Just hold in the knob in the "light" position for a while longer and keep trying to light it with a match or lighter. You should see a puff of flame several times before it will finally light and stay lit. This is not unusual as the pilot for the oven is just an open tube and the gas slowly dissapates and is replaced with ambient air when the oven isn't in use. The flow of gas to the pilot takes quite a while to replace all the air in the line beofre it can light. Also be sure to hold the knob in for about 30 seconds after the pilot lights to make sure that the sensor is hot enough to keep the gas flowing. The ingnitor for the stove does not work for the oven by the way. You can remove the oven rack and the panel over the burner in the oven to get a better look at what you need to do to light it in the future. Once you get an idea where everything is it will become easier to light.

Good Luck!


----------



## GarethsDad

Maybe this will help. http://www.youtube.com/user/tushiemacgrego...l/1/vA2TBqwKV38 and http://www.youtube.com/user/tushiemacgrego...l/0/_G-bJEYYjt4 . It takes a long time for the LP gas to run through the pilot and to stay lit. When we are camping I will leave the oven pilot on so that it will not need to be relit every time I use the oven. James


----------



## john7349

I use one of those 8" BBQ propane lighters ( the ones with the trigger). While holding in on the knob, hold the lighter on the pilot light for 20 seconds or so. This will help heat it up enough so it can maintain it's own flame. (BTW, the pilot light is way in the back of the oven.)


----------



## Northern Wind

Ours does not light with the spark knob, I don't think its designed that way. I just turn the oven to pilot light and hold a long match or lighter under the pilot, it always works very quickly, I find I can do and just watch the reflection in the bottom of the oven to see if its going yet, when it is turn to the desired temp and watch the reflection to make sure the whole burner lights.


----------



## The Stephensons

Seemed like we were trying for at least a minute if not more, but will try again ... thanks everyone! I'll let you know if it works!


----------



## CamperAndy

The pilot is two stage and the primary flow is VERY small. Use this proceedure the light the oven.

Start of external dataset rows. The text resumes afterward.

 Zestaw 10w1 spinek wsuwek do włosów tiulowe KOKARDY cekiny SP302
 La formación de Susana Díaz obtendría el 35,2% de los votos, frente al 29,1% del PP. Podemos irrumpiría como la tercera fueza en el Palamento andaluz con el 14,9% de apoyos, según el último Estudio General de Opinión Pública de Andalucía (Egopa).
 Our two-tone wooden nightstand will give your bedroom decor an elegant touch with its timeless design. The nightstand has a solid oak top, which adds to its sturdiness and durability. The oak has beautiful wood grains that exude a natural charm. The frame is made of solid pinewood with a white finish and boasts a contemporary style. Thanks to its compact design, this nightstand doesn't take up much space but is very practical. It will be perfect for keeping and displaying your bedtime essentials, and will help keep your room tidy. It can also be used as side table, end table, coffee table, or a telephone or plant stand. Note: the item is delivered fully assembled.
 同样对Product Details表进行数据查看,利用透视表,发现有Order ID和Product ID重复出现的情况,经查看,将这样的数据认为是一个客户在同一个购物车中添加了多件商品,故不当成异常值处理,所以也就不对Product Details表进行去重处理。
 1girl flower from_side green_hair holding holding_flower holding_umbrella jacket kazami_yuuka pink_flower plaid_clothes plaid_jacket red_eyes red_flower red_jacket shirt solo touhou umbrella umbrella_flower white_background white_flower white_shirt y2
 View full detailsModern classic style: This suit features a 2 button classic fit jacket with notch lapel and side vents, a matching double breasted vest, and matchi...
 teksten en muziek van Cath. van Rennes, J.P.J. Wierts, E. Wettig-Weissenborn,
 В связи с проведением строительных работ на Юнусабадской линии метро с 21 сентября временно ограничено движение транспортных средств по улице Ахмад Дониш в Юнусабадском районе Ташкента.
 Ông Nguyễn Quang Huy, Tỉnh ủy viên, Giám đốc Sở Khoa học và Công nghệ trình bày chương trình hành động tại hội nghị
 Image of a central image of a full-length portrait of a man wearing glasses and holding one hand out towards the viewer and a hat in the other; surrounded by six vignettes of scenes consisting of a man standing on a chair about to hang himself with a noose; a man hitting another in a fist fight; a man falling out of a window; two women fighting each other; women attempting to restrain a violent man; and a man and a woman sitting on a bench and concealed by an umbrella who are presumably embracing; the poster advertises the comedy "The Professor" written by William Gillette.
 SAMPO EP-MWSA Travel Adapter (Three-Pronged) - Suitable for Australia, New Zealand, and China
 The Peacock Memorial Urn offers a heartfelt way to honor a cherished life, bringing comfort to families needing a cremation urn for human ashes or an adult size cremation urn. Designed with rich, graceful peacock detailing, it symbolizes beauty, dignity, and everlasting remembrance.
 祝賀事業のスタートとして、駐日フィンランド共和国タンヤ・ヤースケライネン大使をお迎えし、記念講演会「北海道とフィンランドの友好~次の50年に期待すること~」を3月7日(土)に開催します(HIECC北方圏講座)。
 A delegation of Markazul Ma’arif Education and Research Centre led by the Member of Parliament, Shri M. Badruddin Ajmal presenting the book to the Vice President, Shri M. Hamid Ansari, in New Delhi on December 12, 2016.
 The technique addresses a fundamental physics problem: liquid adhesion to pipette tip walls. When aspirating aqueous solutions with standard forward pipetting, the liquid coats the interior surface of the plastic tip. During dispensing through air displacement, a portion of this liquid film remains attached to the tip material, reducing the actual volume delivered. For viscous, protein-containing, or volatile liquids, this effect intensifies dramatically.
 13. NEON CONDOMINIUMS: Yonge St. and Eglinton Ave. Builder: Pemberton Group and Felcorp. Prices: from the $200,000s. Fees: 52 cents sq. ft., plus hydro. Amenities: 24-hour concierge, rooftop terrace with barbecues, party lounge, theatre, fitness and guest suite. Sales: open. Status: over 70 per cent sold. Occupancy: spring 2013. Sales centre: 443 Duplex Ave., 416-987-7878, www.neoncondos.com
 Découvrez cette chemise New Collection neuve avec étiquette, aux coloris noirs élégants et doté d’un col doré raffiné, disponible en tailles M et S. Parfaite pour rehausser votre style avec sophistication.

Hold a long lighter under the pilot and turn the oven to 250. This will open the second stage pilot to heat the thermocouple. The lighter will make sure the pilots lights stay lit.

The main valve will not open unless the thermocouple gets hot so just watch the pilot while holding the lighter on it. When the main valve opens you don't need to hold the lighter any more. Let it run for a few minutes then turn it back to the pilot position. This will allow time to purge any air from the pilot tubing and the the primary pilot should stay lit.


----------



## deanintemp

The oven does not light by the spark mode used on the stove-top. The oven has a pilot which needs to be lit from within. This pilot is controlled through a thermo-couple which needs to warm up before it lets gas through to the pilot tube. You must hold a flame on the end of the pilot tube and close to the thermo-couple for about 30-60 seconds before the pilot will stay lit. This is all assuming that air has been purged from the line and gas is flowing. The thermo-couple is a safety device which shuts down the flow of gas in the event the pilot goes out.


----------



## CamperAndy

deanintemp said:


> The thermo-couple is a safety device which shuts down the flow of gas in the event the pilot goes out.


Actually on the oven in question the thermocouple only controls the main burner valve. There is no safety device to turn off the gas to the primary pilot as the flow is so low it will dissipate before it reaches dangerous levels.

Newer ovens only have a single stage pilot that must heat a thermocouple that controls all gas, both pilot and main burner.


----------



## Howier

Just a question. Are you putting the lighter to the main burner or the pilot. For some this might seem like a goofy question but ive shown my DW where to light the oven at the pilot all summer long and she still cant figure it out. You can not light the oven by placing a flame at he main burner in the center of the oven. Maybe she just likes to see me with my head in the oven.


----------